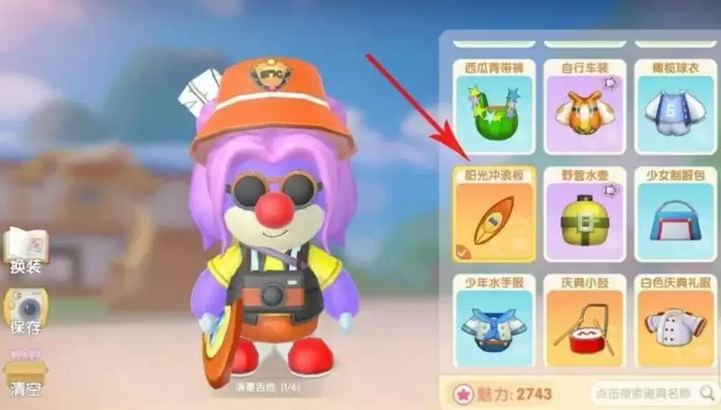 4、选择冲浪小子套装,进入水里即可使用阳光冲浪板。
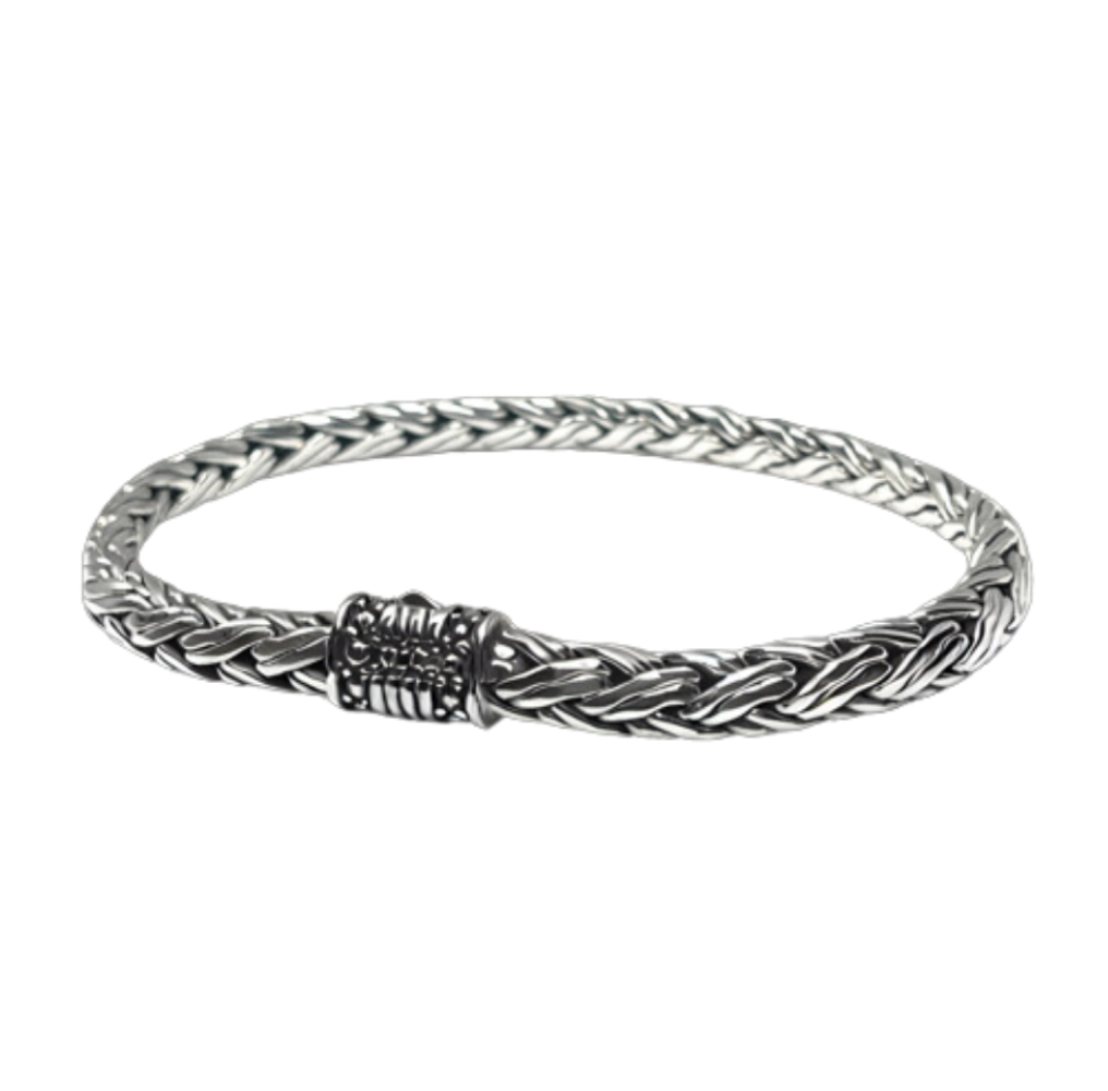 The Garo bracelet is appreciated by those that value harmonizing patterns. Designed by our expert craftsman, this bracelet is representative of Balinese culture and lifestyle. This design showcases a double braided chain with a dotted clasp hugged with stripes.
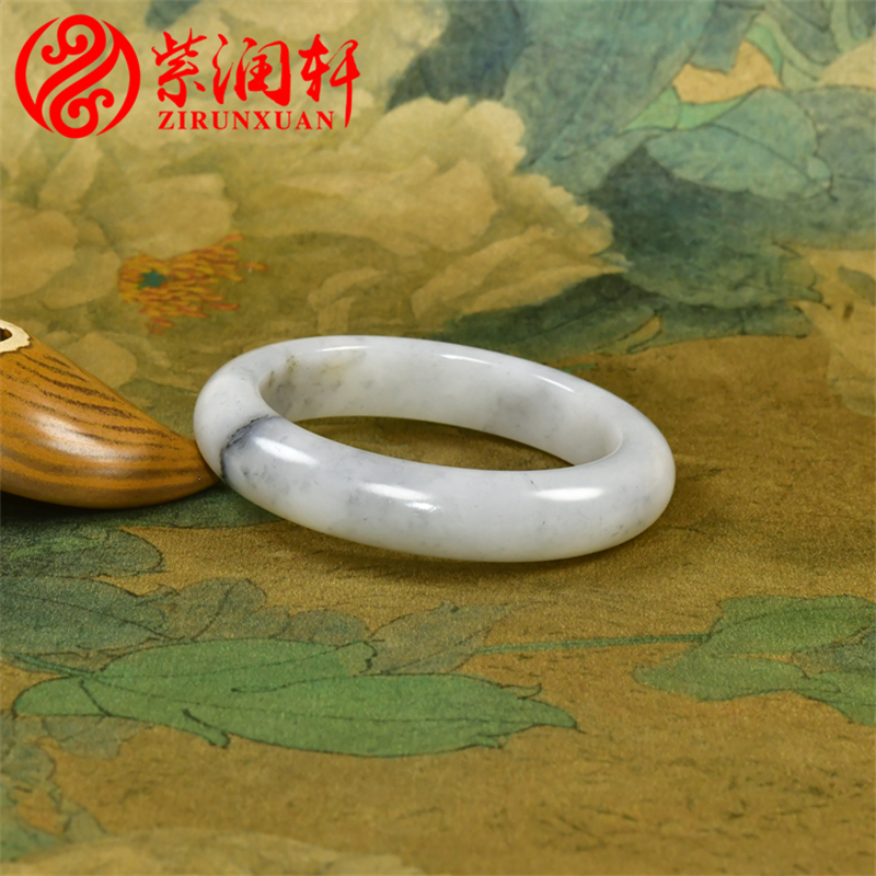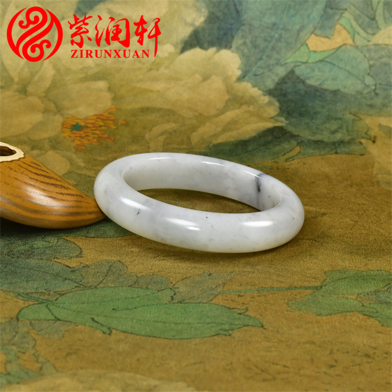紫润轩新疆和田玉白玉籽料手镯青花福镯玉镯56 8MM意境水墨传家级

→ Work instructions
Apart from the pictures, restate all of the listing above exactly.

→ Task answer
 4、选择冲浪小子套装,进入水里即可使用阳光冲浪板。
 The Garo bracelet is appreciated by those that value harmonizing patterns. Designed by our expert craftsman, this bracelet is representative of Balinese culture and lifestyle. This design showcases a double braided chain with a dotted clasp hugged with stripes.
紫润轩新疆和田玉白玉籽料手镯青花福镯玉镯56 8MM意境水墨传家级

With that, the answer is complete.